● ASSIGNED TASK: Look below for the line that has "1人が泳いでいる時は,もう1"; output exactly from it through the line that has "10일 민중민주당(민중당)은 여의도국회앞", and leave the pictures out.

● DATA SHOWN:

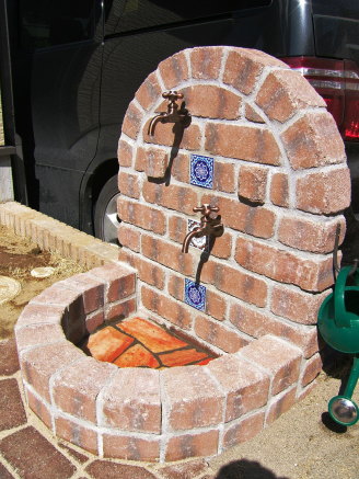![]() おしゃれな水道。建物際のレンガは芝生を刈りやすくするための縁取り。 |
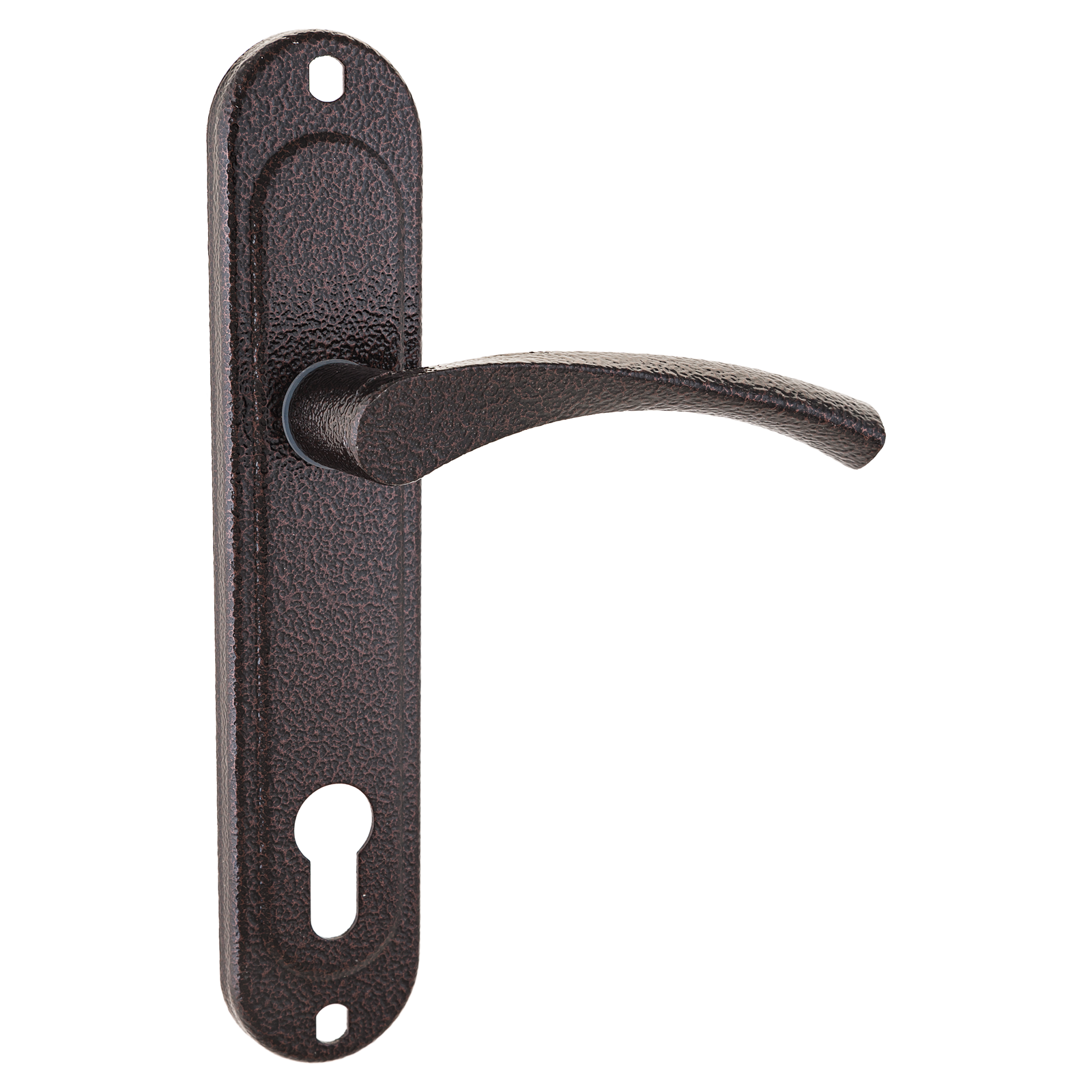 Ручка на планке под цилиндровый механизм. Материал - сталь, полимерное покрытие "медный антик". Межосевое расстояние - 85 мм. Размеры планки - 40х215 мм. Каплевидная ручка длиной 113 мм. В комплект входят винтовые стяжки и квадрат 8х8 мм.
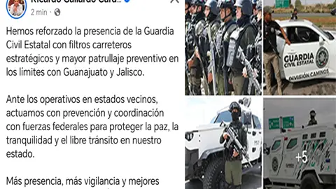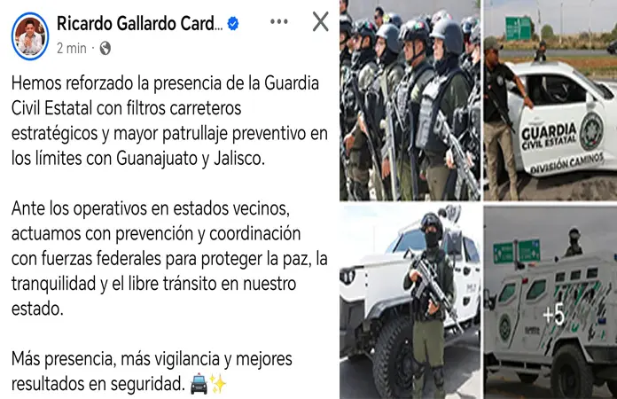 CIUDAD VALLES. -La muerte de Nemesio Oseguera Cervantes "El Mencho", en el municipio de Tapalpa, Jalisco, a manos del Ejército Mexicano provoca bloqueos, toma de centrales aéreas y reacciones violentas en varios estados de la República mexicana y ante eso, el Gobernador Ricardo Gallardo Cardona anunció reforzamiento de las fronteras de la entidad con Guanajuato y Jalisco.
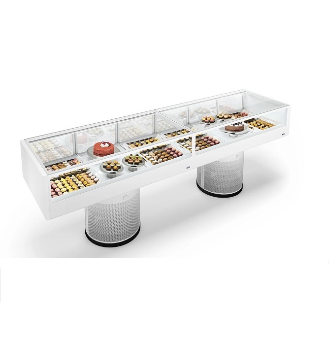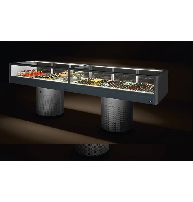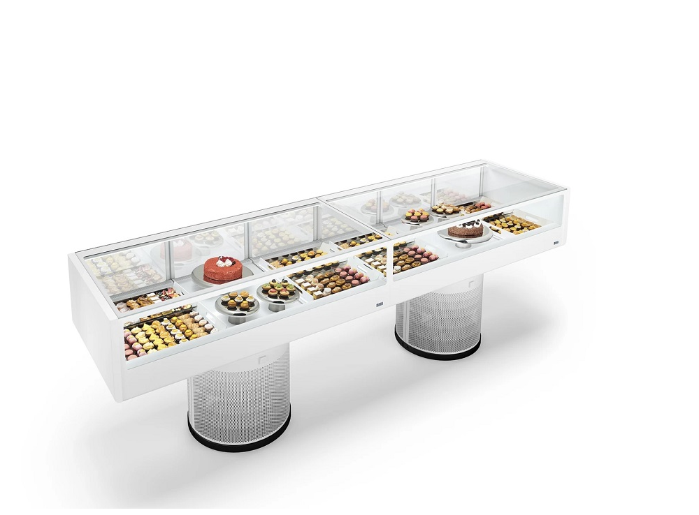 A display case with a unique look in which shape and feature merge like the visual appeal and the flavour of your pastry-making art.
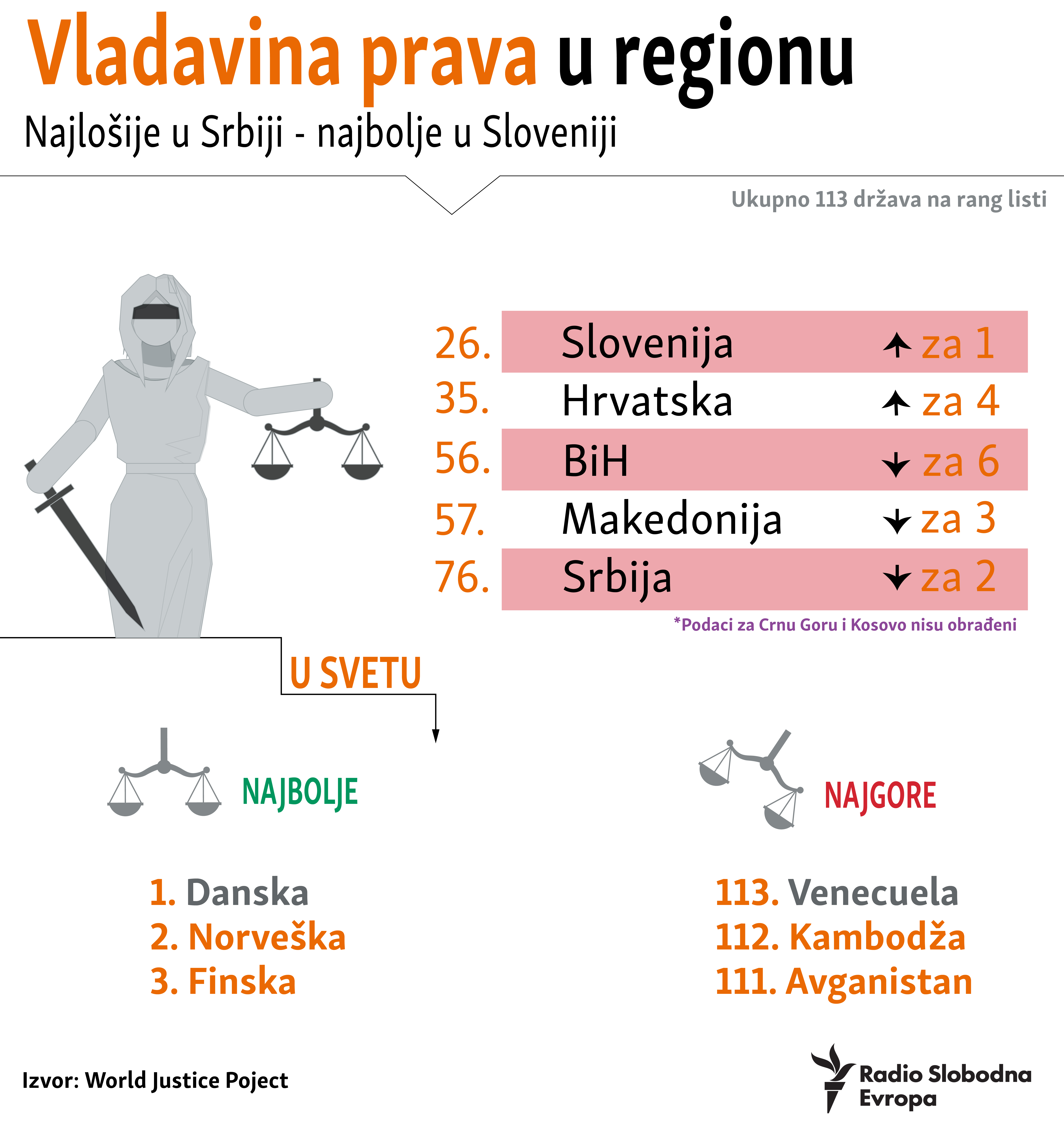 Prema najnovijem svetskom indexu u oceni vladavine prava, Srbija je najlošije pozicionirana u odnosu na ostale države regiona. Titula pravno najuređenije države i ove godine pripala je Danskoj.
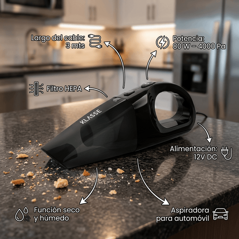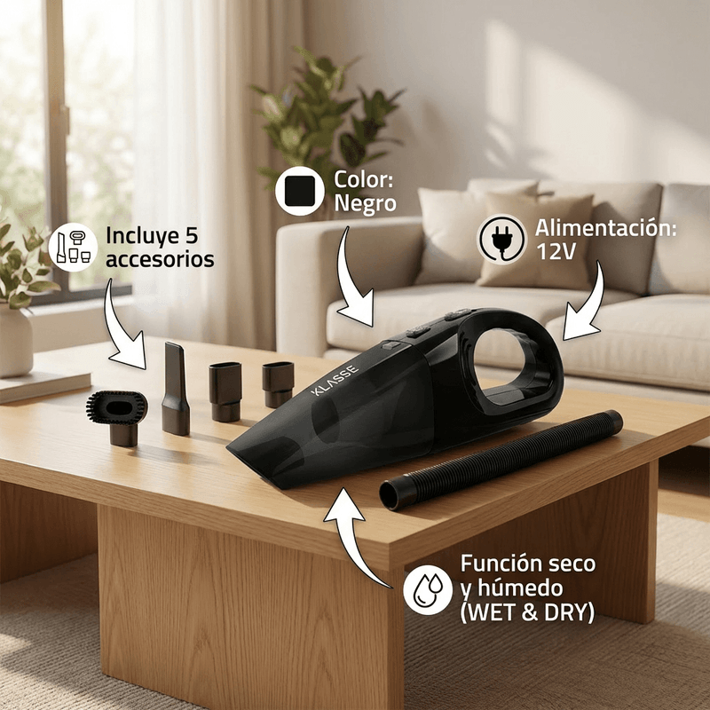 - Gracias a su alimentación de 12V con conexión directa al encendedor o a la entrada 12V de tu vehículo, esta aspiradora es perfecta para usar en cualquier momento, sin depender de baterías ni recargas. Su motor potente garantiza una succión efectiva para eliminar polvo, migas, tierra y suciedad acumulada en alfombras, asientos y tapizados.
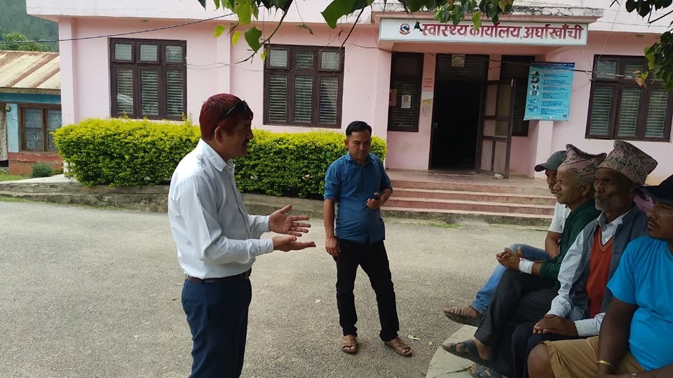सन्धिखर्क, अर्घाखाँची । जिल्ला प्रहरी कार्यालय अर्घाखाँचीको आयोजनमा “समुदाय-प्रहरी साझेदारी कार्यक्रम” अनुसार जिल्ला अर्घाखाँची सन्धिखर्क नगरपालिका वार्ड नं. १ जिल्ला अस्पतालमा बर्षातको समयमा फैलन सक्ने संक्रामक रोगहरुबाट बच्न अपनाउनु पर्ने सावधानीको बारेमा प्रशिक्षण कार्यक्रम सम्पन्न भएको छ ।
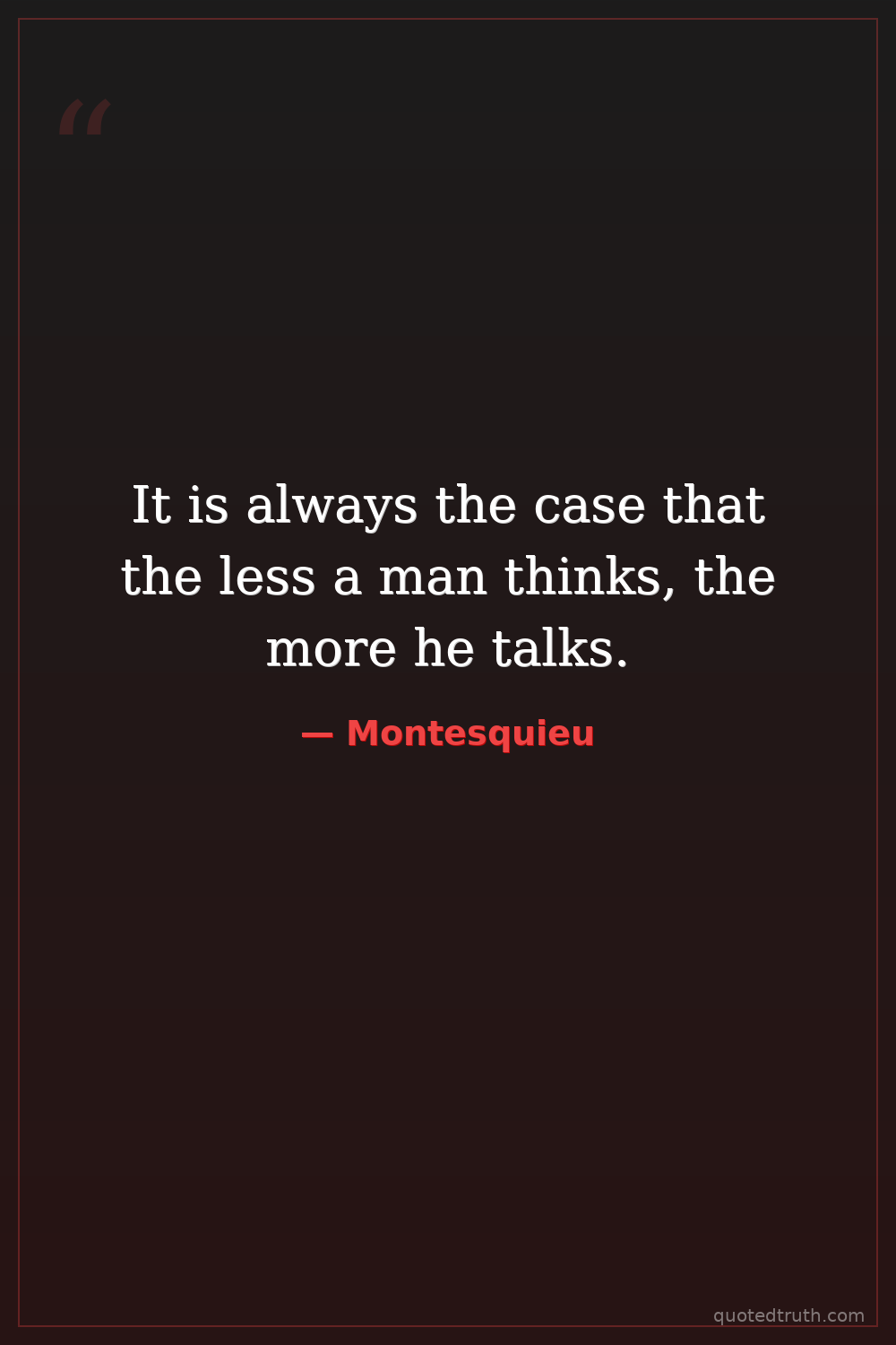 It is always the case that the less a man thinks, the more he talks.
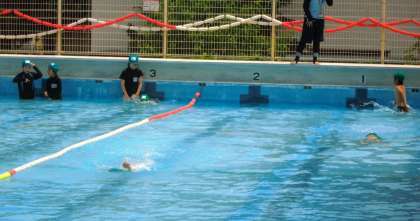 1人が泳いでいる時は,もう1人はプールサイドから励ましたり,タイムを測定したりします。
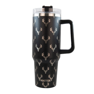 Perfect for the patio, outdoor adventure, or snagging some much deserved downtime in the man cave. Enjoy your favorite hot or cold beverage in this 40-ounce stainless steel tumbler. With a sturdy handle, reusable plastic straw, and screw-on plastic lid with easy-travel straw cover. Yes, it even fits in your car or truck cup holder!
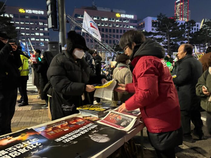 10일 민중민주당(민중당)은 여의도국회앞 촛불집회현장에서 선전전을 강력히 진행했다.
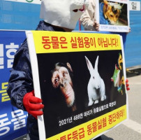 한국동물보호연합 회원들이 3일 서울 광화문 사거리에서 …

● COMPLETED TASK:
 1人が泳いでいる時は,もう1人はプールサイドから励ましたり,タイムを測定したりします。
 Perfect for the patio, outdoor adventure, or snagging some much deserved downtime in the man cave. Enjoy your favorite hot or cold beverage in this 40-ounce stainless steel tumbler. With a sturdy handle, reusable plastic straw, and screw-on plastic lid with easy-travel straw cover. Yes, it even fits in your car or truck cup holder!
 10일 민중민주당(민중당)은 여의도국회앞 촛불집회현장에서 선전전을 강력히 진행했다.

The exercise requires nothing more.